It's a quiet, sun-drenched afternoon on Syracuse's north side. Children are playing and toys are scattered around manicured yards of Martin Street. Not a piece of litter in sight and if it weren't for birds chirping you'd think you we're viewing a photograph from Community Development describing a model "Syracuse" neighborhood.
Michelle Vertefeuille purchased the house at 154 Martin Street in 2004. Unknowingly, she also acquired a problem beneath the surface of the front yard that's been affecting this neighborhood for years. It has become a hazard that impacts the entire block.
At first glance it's just a big tree splitting the sidewalk with root systems extending from a massive seventy-five foot maple tree.

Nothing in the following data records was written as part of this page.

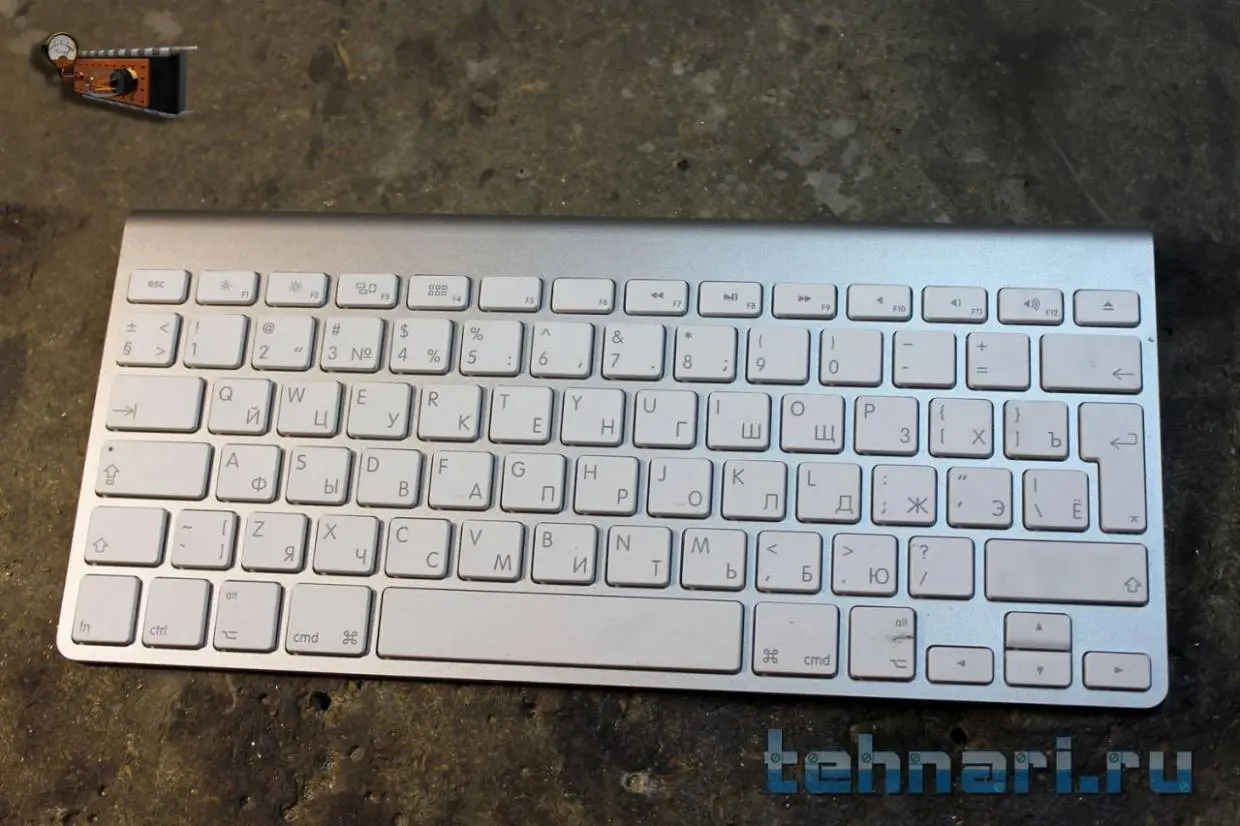 Жила-была клавиатура Apple, и всё было бы нормально, но с высочайшего повеления заказчика, который сильно помешался на стимпанке, попала она в мои железные ручки. И решено было изменить внешний вид в соответствии с вышеуказанным стилем.
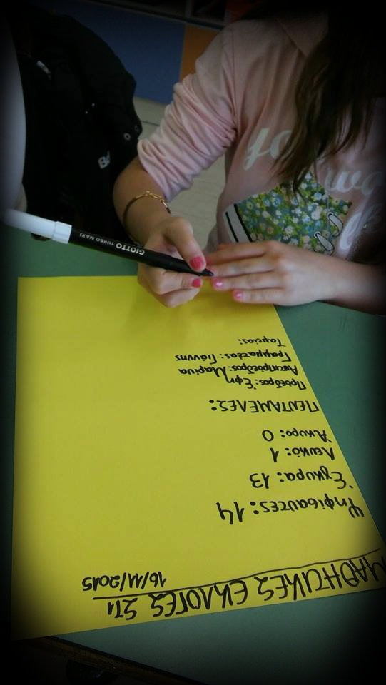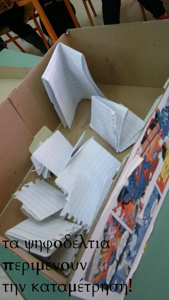 Ψήφισαν ολοι οι μαθητές. Η κάλπη άνοιξε και τα παιδιά περιμεναν με αγωνία τα αποτελέσματα. Με τη βοήθεια 2 παιδιών, ανοίγαμε τα ψηφοδέλτια και καταγράφαμε τους σταυρούς στον πίνακα!Τα έγκυρα ψηφοδέλτια ήταν 14 εντός των οποίων και ένα λευκό. Η αγωνία ήταν μεγάλη και τα χειροκροτήματα έπεφταν βροχή!
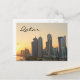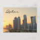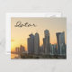 Cartão-postal dos arranha-céus na linha do horizonte do centro comercial de Doha, capital do Catar, país do Golfo Árabe, no pôr do sol, com o tekst: 'Qatar'.

Once confined to 154 Martin Street, the tree's root system has grown aggressively in all directions, creating root-induced pavement bulges.
Vertefeuille wants the tree destroyed. "Look at the bark coming off," she says. Vertefeuille added that an independent tree expert said he was concerned about the crotch, the part of a tree that forks into two branches, being weakened.
The maple's tall branches extended like giant arms toward the sky; one barren limb plays tag with the home's roofline. At its base, generations of blacktop and sidewalk are pushed away by the trunk as if to say, "Get out of my way."
Pavement bulging has begun to affect Vertefeuille's neighbors. "The people next door just had a baby they can't use the sidewalk with a stroller," Vertefeuille said. "For my neighbor who's confined to a wheel chair visiting this part of the block is off limits to her because of the sidewalk. My children can't ride their bikes in front of their home."
Vertefeuille was verbally informed by City of Syracuse Code Enforcement that her sidewalk had been "condemned" and that she'd better do something or she would begin to incur fines.